Law and business graduates, many facing serious unemployment risks, have proportionately high repayment obligations but lack the probable job placement available to most doctors. The pre-recession 2005bankruptcy reform legislation that removed most protections that consumers have under personal bankruptcy as it relates to student debt only threw gasoline on the raging fire. Kids are saturated in debt, unable to repay their obligations, and starting life in a place where deep psychological depression lives.

Last year, Congress passed a law that lowered the repayment cap and moved student loans to direct lending by eliminating banks as the middlemen.” Huffington Post. But it was hardly enough to help the stranded millions as much as they really needed. Enter the Obama administration with a plan, seriously opposed by Republicans in the House and Senate, that is intended to trickle a little relief in the break landscape of student debt: “Obama's plan will accelerate [the above noted] measure passed by Congress that reduces the maximum required payment on student loans from 15 percent of discretionary income annually to 10 percent. He will put it into effect in 2012, instead of 2014. In addition, the White House says the remaining debt would be forgiven after 20 years, instead of 25. About 1.6 million borrowers could be affected.

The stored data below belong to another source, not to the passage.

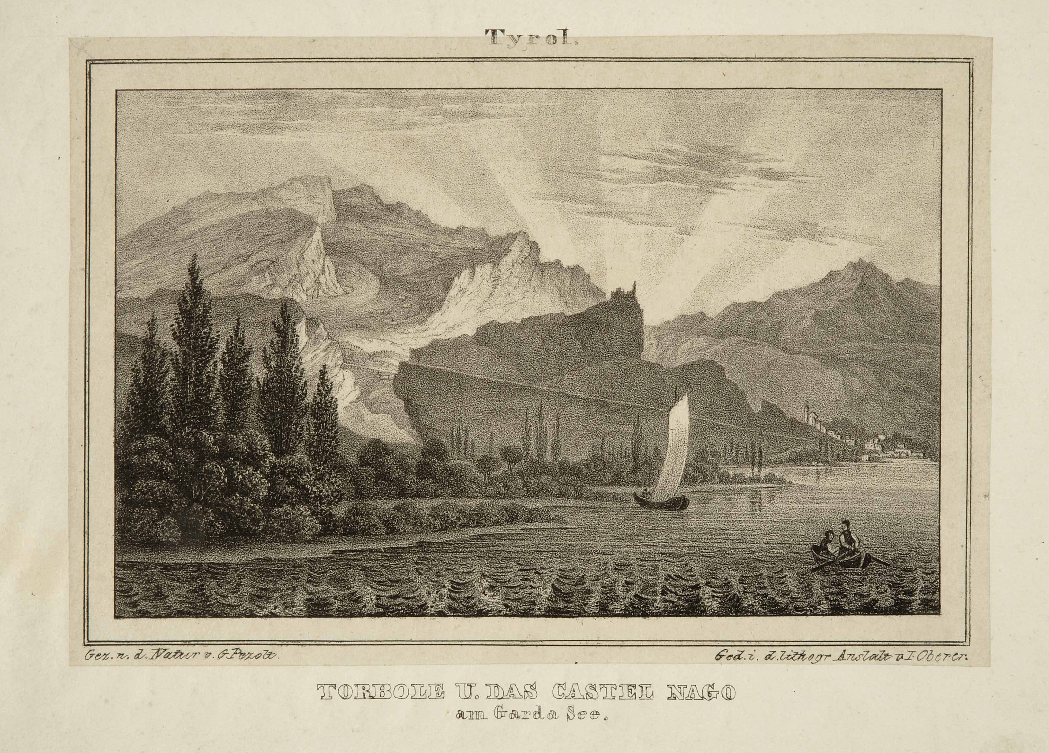 Litografia, 97x152 mm. Disegno di Georg Pezolt, pubblicata probabilmente tra il 1830 e il 1840 (cfr. Ugo Spini, Tebaldo Sinistri, Il Garda nelle sue stampe, Brescia, Grafo, 2000, pp. 91-92)
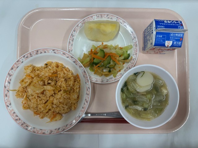 じゃこ入りキムチチャーハン、パリパリサラダ、トックと白菜のスープ、果物(りんご)、牛乳
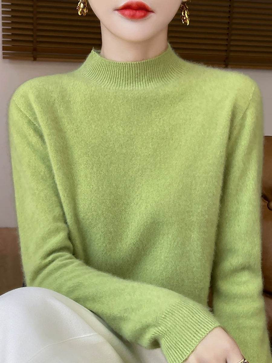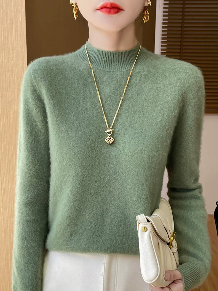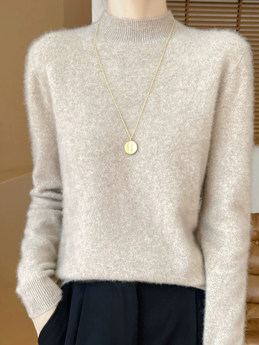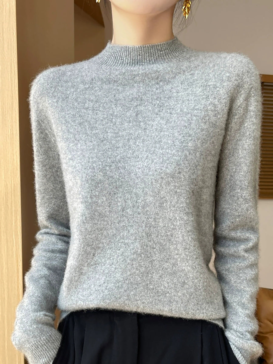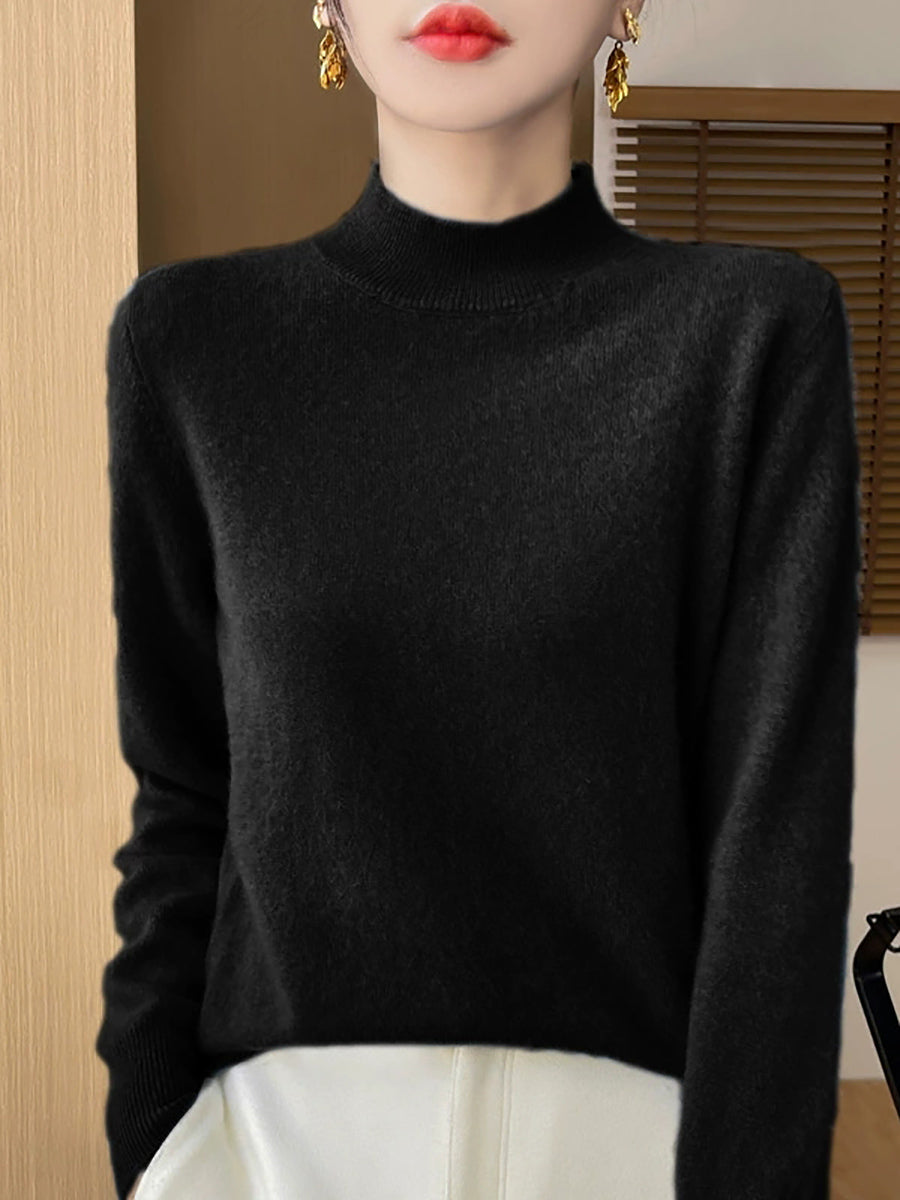 Suéter de cuello alto medio de color puro y artístico de otoño para mujer

He will also allow borrowers who have a loan from the Federal Family Education Loan Program and a direct loan from the government to consolidate them into one. The consolidated loan would carry an interest rate of up to a half percentage point less than before. This could affect 5.8 million borrowers.” Huffington Post. Frankly, we need to find a way to get the next generation educated and trained to give all those other nations in the world, from China and India to Germany and Korea, a solid taste of good old American competition!

I’m Peter Dekom, and I am wondering exactly when we decided to betray our children and shift the burden of our profligate ways onto their backs?